COURT OF APPEAL OF FIJI


Civil Jurisdiction


THE LABOUR OFFICER AND ON BEHALF OF RAJPATHI

(WIDOW), BISUN DEO (SON), ANIL DEO (SON), DEO RAM (SON), KAMAL KALA (DAUGHTER) AND HARISH CHAND DEO (GRANDSON) OF SUKHU (s/o BUDHU SINGH), DECEASED


v


FIJI SUGAR CORPORATION LIMITED


Roper, J. A., Mishra, J. A.,O'Regan, J. A.


Date of Hearing: 24 October 1985
Date of Judgment: 8 November 1985


Workmen's Compensation − Established atherosclerosis − coronary occlusion − no evidence of stress mental or physical in work − no evidence of injury which arose out of employment − no evidence to justify shifting of onus − distinction between "accident" and "injury" − "stress " − "accident" in as occlusion − "injury in as "infarct"


S. P. Sharma & A. Abbas for Appellant
D. C. Maharaj & K. C. Chaganlal for Respondent


Appeal against a dismissal on 10 May 1985 by the Supreme Court of an appeal to it from the Magistrate's Court which on 28 September, 1983 had found in favour of the respondent (defendant) in a claim of workmen's compensation.

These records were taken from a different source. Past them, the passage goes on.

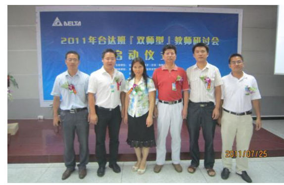
学院教师来公司参加“双师型研讨会”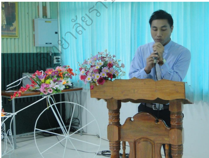
ภาพประกอบ 14 ผู้ร่วมวิจัยซักถามเกี่ยวกับการทำวิจัยในชั้นเรียน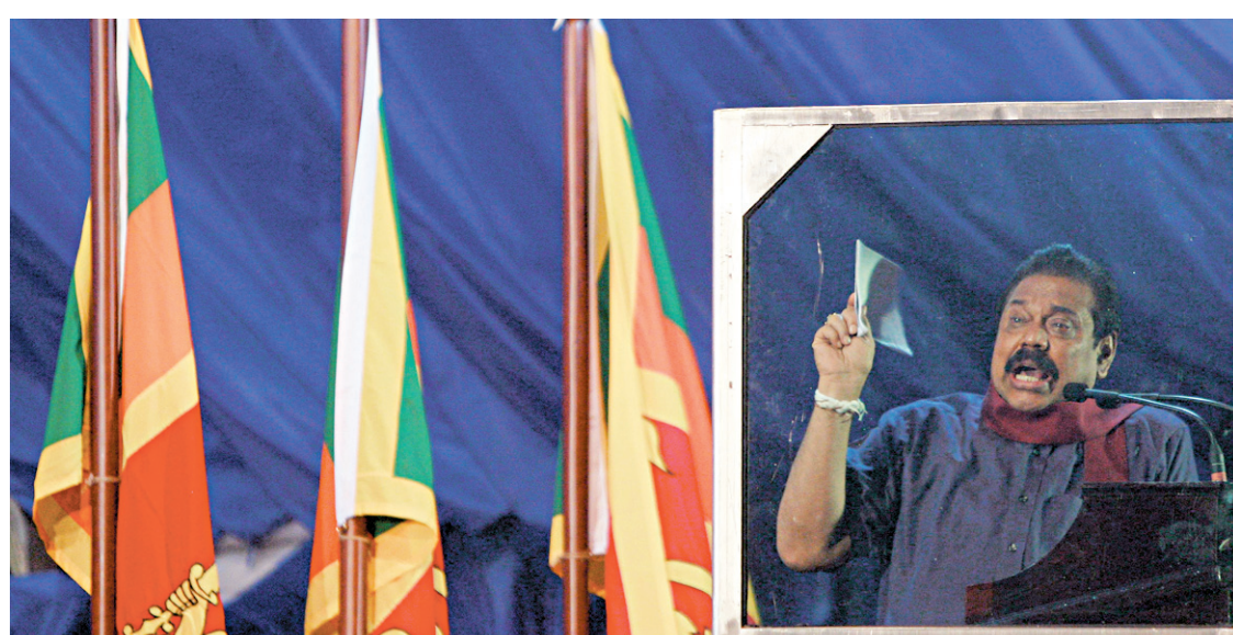
Le président Mahinda Rajapaksa n'est pas assuré de sa réélection.

New Delhi — La rue sri lankaise, celle de la majorité cinghalaise et bouddhiste qui compte pour 75 % de la population, est plus ambivalente qu'il n'y paraît par rapport à Rajapaksa. Elle lui est indubitablement reconnaissante d'avoir mis fin à 26 ans de guerre civile en décapitant l'organisation indépendantiste et radicale des Tigres tamouls. Les gens veulent croire que la guerre est finie pour de bon. On respire plus à l'aise à Colombo, la peur qu'à tout instant un attentat suicide soit commis s'est magiquement évaporée... En même temps qu'on n'est pas dupe de la nature du gouvernement sri lankais: Rajapaksa, disent aussi les gens, a perpétué la culture de corruption et de népotisme qui caractérise le fonctionnement de l'État et n'a, finalement, rien fait pour développer l'économie et créer des em-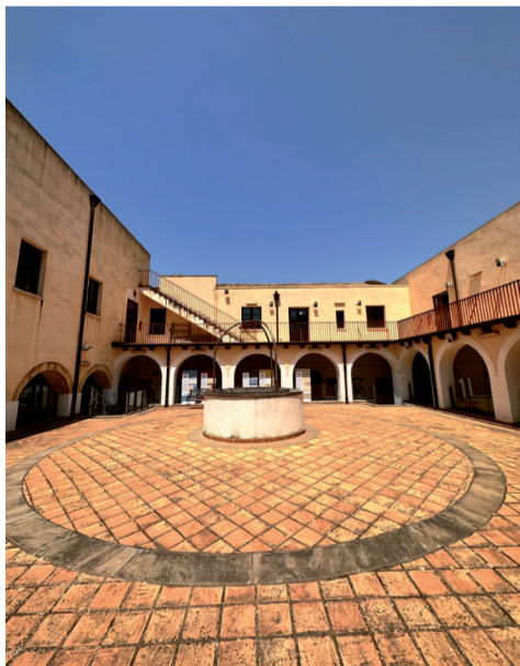
Ex Convento dei Cappuccini Via Brigata Sassari 4

Il progetto originale dell'Antico Macello, a opera dell'ingegnere A.F. Loi, subì alcune modifiche a causa di un nubifragio nel 1889, ma mantiene una semplice eleganza e una funzionalità rispondente alle norme igieniche dell'epoca. La struttura si sviluppa simmetricamente rispetto a un asse centrale e presenta una facciata con un cancello d'ingresso in ferro battuto, finestre per gli uffici e una sala di macellazione con porte chiuse per mantenere la carne fresca. Intorno all'edificio c'erano corti e tettoie per il bestiame e una pelandra per conciare le pelli.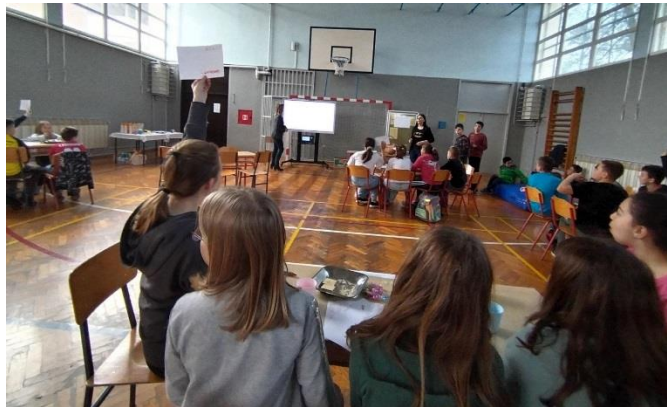
Slika: pub kviz za učenike razredne nastave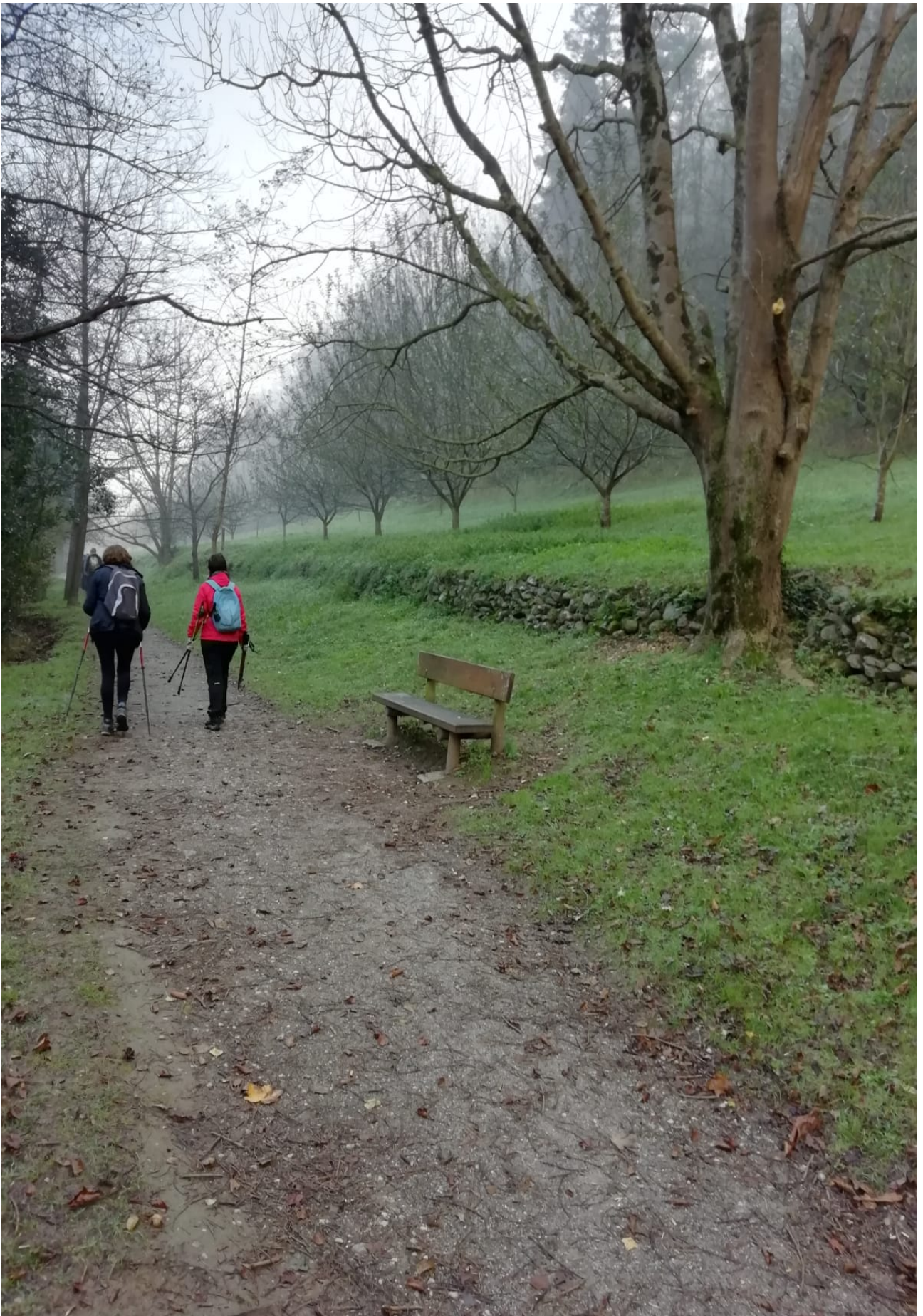
Agantza ibaiaren ondoko bidezidor bukolikoan zehar, ibiltariok gogoeta egiten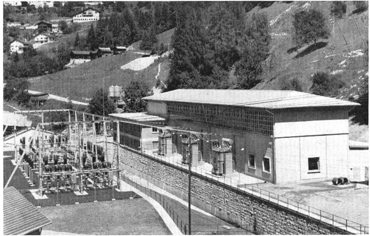
Bild 3 Zentrale Vissoie im Val d'Anniviers, inst. Leistung 45 MW, der mittleren Gefällsstufe Lac de Moiry—Vissoie. Zwischen dem Maschinenhaus und der im Bilde links sichtbaren Freiluftschaltanlage befindet sich das Flußbett der Navisence. Links oben ist ein Teil des Dorfes Vissoie sichtbar; einige Neubauten wurden durch den Kraftwerkbau veranlaßt, nämlich zwei Personelhäuser und das mit finanzieller Unterstützung der Kraftwerkgesellschaft erstellte Krankenhaus der Talschaft.

Jedem Gast wurde ein Exemplar der gediegenen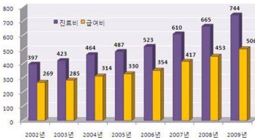
2002-2009년 변비질환(K59) 진료비 / 급여비 (억원)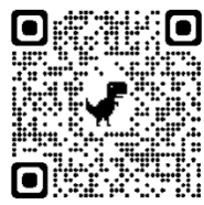
「共建更好的網絡世界」 電子學習資源套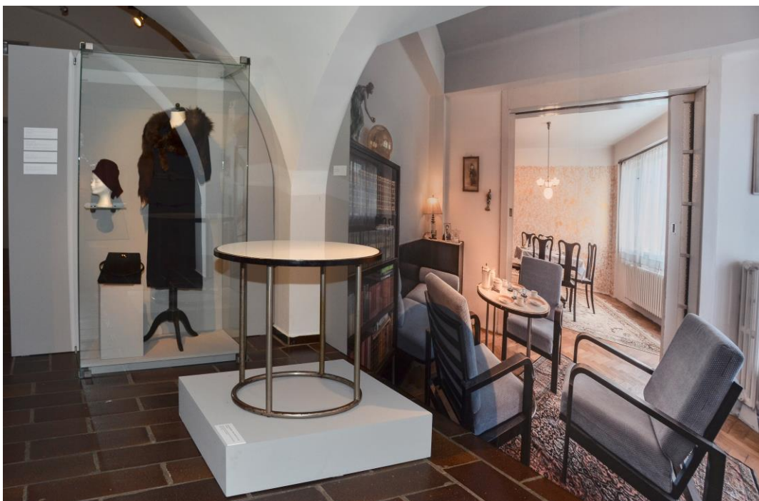
Pohled do výstavy Prima sezóna. Vily v okolí Prahy – interiérový a oděvní design první republiky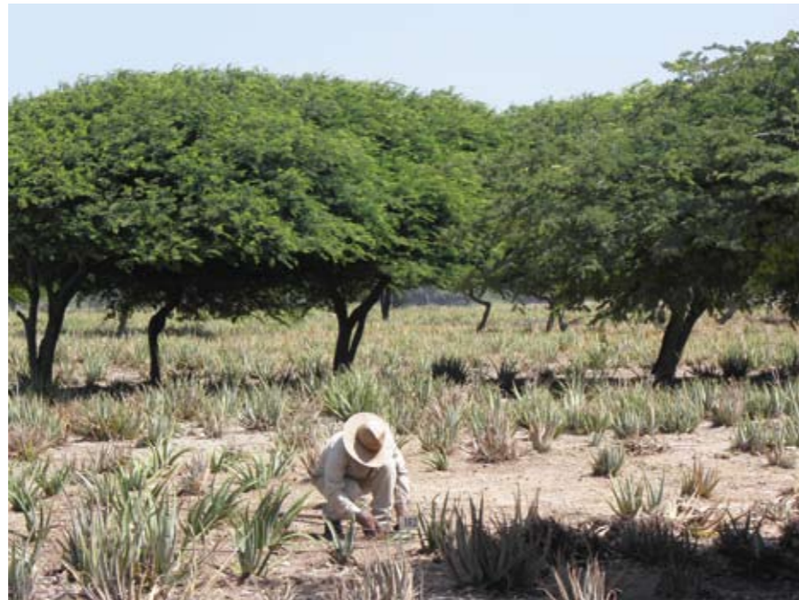
Husk at købe Aloe Vera-produkter med hjem. Her dyrkning i nærheden af virksomheden.

Når daselivet ved stranden har taget overhånd - og solskoldningerne er blevet for mange, bør man unde sig selv et besøg i Oranjestad, øens fine hovedstad med ca. 27.000 indbyggere. Her kan man opleve hollandsk bygestil, men samtidig ane både spansk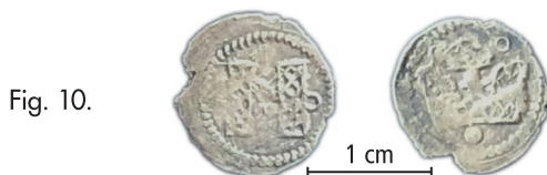
Fig. 9–10.

Båda är metalldetektorfynd från plöjningslagret på en boplatz från yngre järnålder.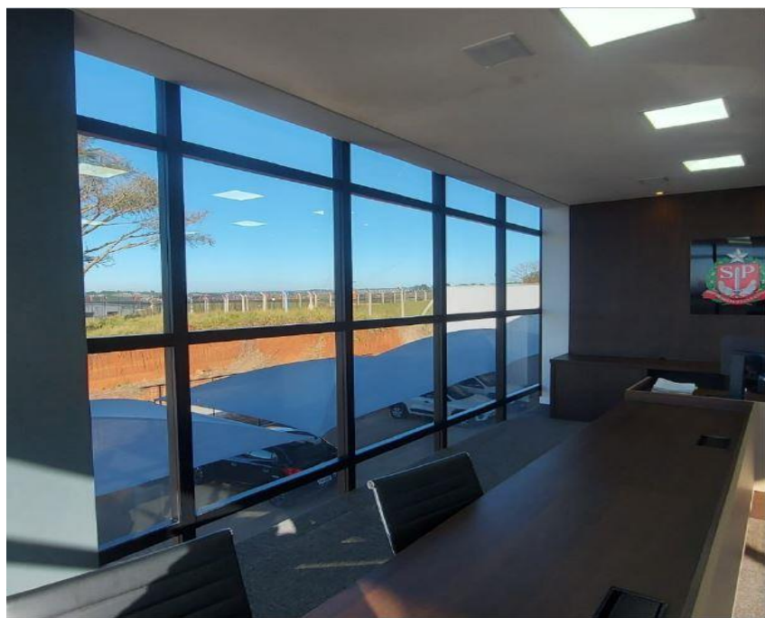
Figura 14: Sala 9 - Janela 4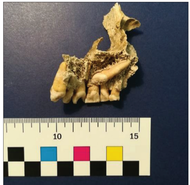
Figure 6. Impacted upper canine of an adult

Periapical processes were determined by direct inspection due to the bone loss in the projection of a bone defect. Six of these cases were observed, representing less than one percent (0.7%) of teeth with pathological changes that could have been the etiological factor (cause) of this occurrence. Namely, when calculating this percentage, it was necessary to include teeth from position 1 and position 3 (teeth lost after death) but also positions 4 and 5 (present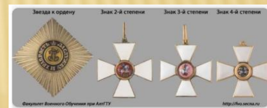
Звезда и знаки к ордену Св. Георгия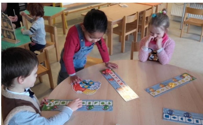
Nous jouons au jeu de l'araignée Gypsie. Il faut reconnaître des formes pour pouvoir faire avancer notre araignée. (PS-MS)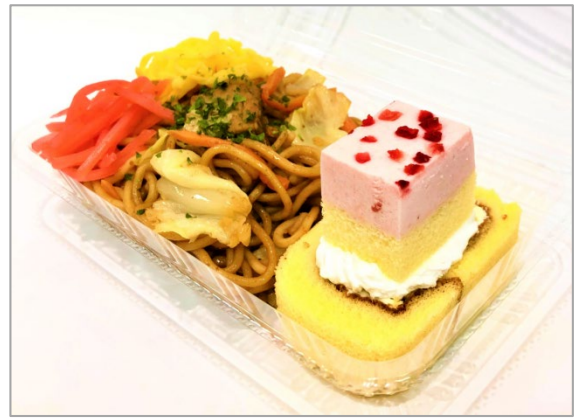
キッチンカー提供メニュー(イメージ)

本イベントは、2025年2月から2026年2月までテレビ放送された、スーパー戦隊シリーズ50周年記念作品「ナンバーワン戦隊ゴジュウジャー」の番組キャストが全国各地を巡り、主演キャストによるオリジナルストーリーのヒーローショーやトークショー、キャラクターソングのライブなど、作品の世界観を直接体験できる貴重な機会となっています。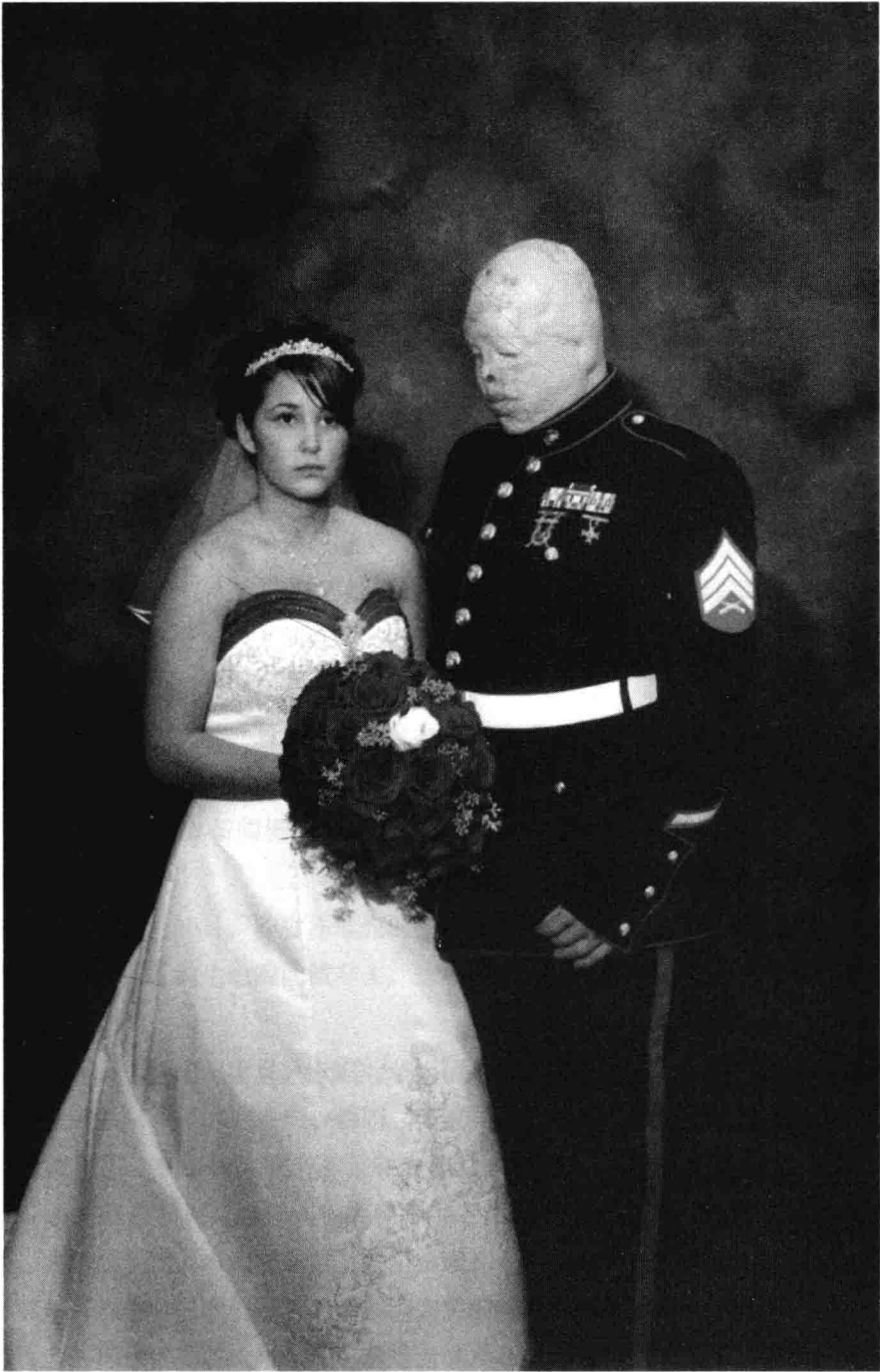
受伤的美军海军陆战队员回国结婚

Deceased had been employed by the defendant for some 30 years, finally as a launch captain. At about 4 a.m. on 22 August 1980 with a crew of two he took the launch with barges in tow from Labasa to Malau. There the vessels were secured and unloaded. The deceased took no part in this activity. Later, when he was sitting on the jetty he collapsed, fell to the ground and was taken to the hospital to which he was admitted about 10 a.m. He was pronounced dead shortly afterwards.


Medical evidence was that the deceased had an advanced condition of atherosclerosis from which, apparently, he had suffered for many years. This had given rise to a coronary occlusion which, in turn caused a fatal myorcardial infarction.


It was conceded before the Judge inter alia that the deceased had:


" .......suffered personal injury which occurred during the course of his employment.


The sole issue for decision therefore is whether the deceased suffered personal injury by an accident which arose out of his employment."


Here the Court of Appeal observed the accident was the coronary occlusion and the injury the infarct. The appellant argued that it was open on the evidence for the Magistrate to have found deceased had been under stress resulting from his duties.


The medical evidence agreed that work can precipitate heart attack if it involved extra demand by dint of either physical or mental strain, especially where the heart is already diseased. Here it had not established that there was such any extra demand.


The Magistrate found there was no evidence whatsoever of any physical or mental stress.


Held: There was no evidence whatsoever of any physical or mental stress in the deceased's work that morning.


This was not a case where the presumption of liability was so strong that the onus shifted to the respondent to establish that the personal injury by accident did not arise out of and in the course of the employment.


See eg. Grant v. Glasgow and South Western Rail Co. (1908) S.C. 187: 1 BWCC 17; Charlton v. Makara County [1945] NZGazLawRp 23; (1945) NZLR 335 at p.346.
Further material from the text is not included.